[RECORD EXTRACTS — start]

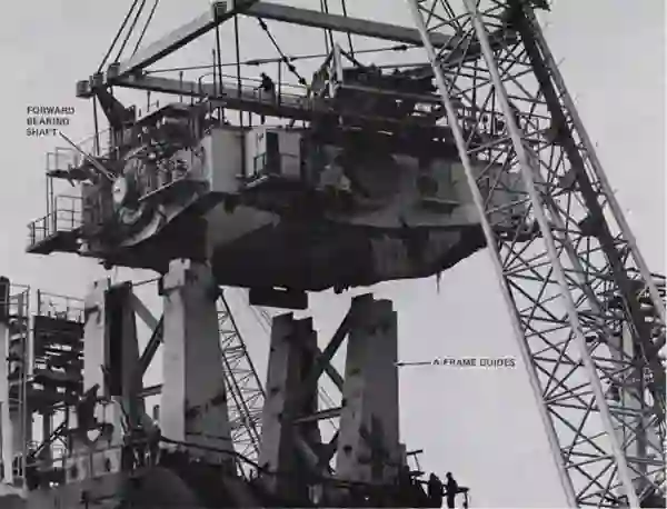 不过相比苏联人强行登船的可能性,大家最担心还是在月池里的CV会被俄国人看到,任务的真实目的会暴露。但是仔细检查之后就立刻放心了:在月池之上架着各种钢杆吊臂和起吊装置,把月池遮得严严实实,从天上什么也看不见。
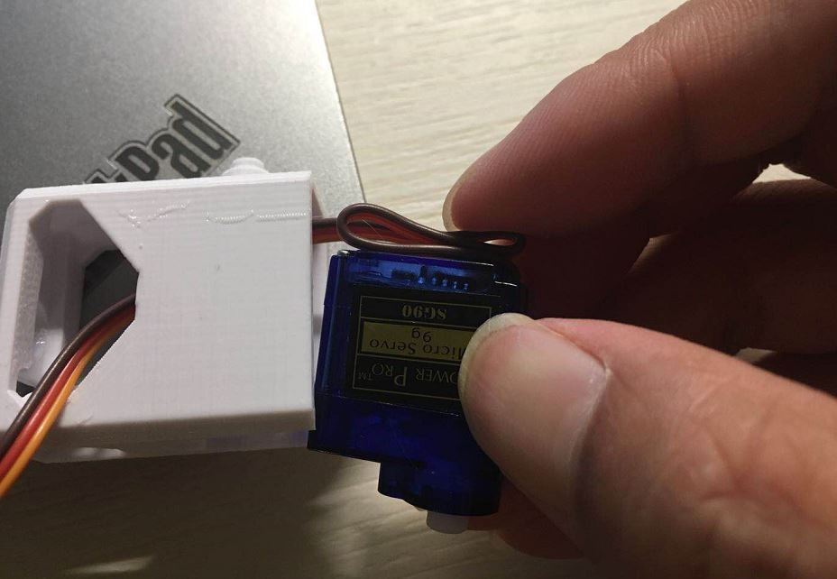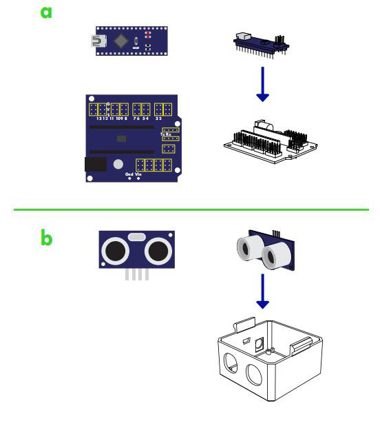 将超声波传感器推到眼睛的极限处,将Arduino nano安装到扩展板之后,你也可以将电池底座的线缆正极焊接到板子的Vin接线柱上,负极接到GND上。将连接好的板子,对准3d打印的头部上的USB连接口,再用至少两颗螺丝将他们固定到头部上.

[RECORD EXTRACTS — finish]
[RECORD EXTRACTS — start]

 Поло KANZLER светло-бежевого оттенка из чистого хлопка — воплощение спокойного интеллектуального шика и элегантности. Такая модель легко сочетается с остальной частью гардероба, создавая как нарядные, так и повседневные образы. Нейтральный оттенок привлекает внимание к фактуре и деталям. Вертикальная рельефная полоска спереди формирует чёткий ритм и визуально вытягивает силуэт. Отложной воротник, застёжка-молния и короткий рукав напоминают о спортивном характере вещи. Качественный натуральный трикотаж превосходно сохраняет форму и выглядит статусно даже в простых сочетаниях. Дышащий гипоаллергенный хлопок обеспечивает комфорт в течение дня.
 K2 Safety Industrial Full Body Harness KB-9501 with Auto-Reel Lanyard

[RECORD EXTRACTS — finish]
[RECORD EXTRACTS — start]

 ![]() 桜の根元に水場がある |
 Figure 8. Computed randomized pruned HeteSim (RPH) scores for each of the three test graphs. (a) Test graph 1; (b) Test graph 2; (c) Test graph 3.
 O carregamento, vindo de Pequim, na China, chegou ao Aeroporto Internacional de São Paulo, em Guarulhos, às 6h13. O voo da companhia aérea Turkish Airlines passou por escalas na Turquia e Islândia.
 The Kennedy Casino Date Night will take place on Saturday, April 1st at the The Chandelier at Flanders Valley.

[RECORD EXTRACTS — finish]

--- WORK ITEM ---
Copy back the listing above exactly, but only from the line with "Figure 8. Computed" through the line with "The Kennedy Casino", both ends included.

--- THE ANSWER ---
 Figure 8. Computed randomized pruned HeteSim (RPH) scores for each of the three test graphs. (a) Test graph 1; (b) Test graph 2; (c) Test graph 3.
 O carregamento, vindo de Pequim, na China, chegou ao Aeroporto Internacional de São Paulo, em Guarulhos, às 6h13. O voo da companhia aérea Turkish Airlines passou por escalas na Turquia e Islândia.
 The Kennedy Casino Date Night will take place on Saturday, April 1st at the The Chandelier at Flanders Valley.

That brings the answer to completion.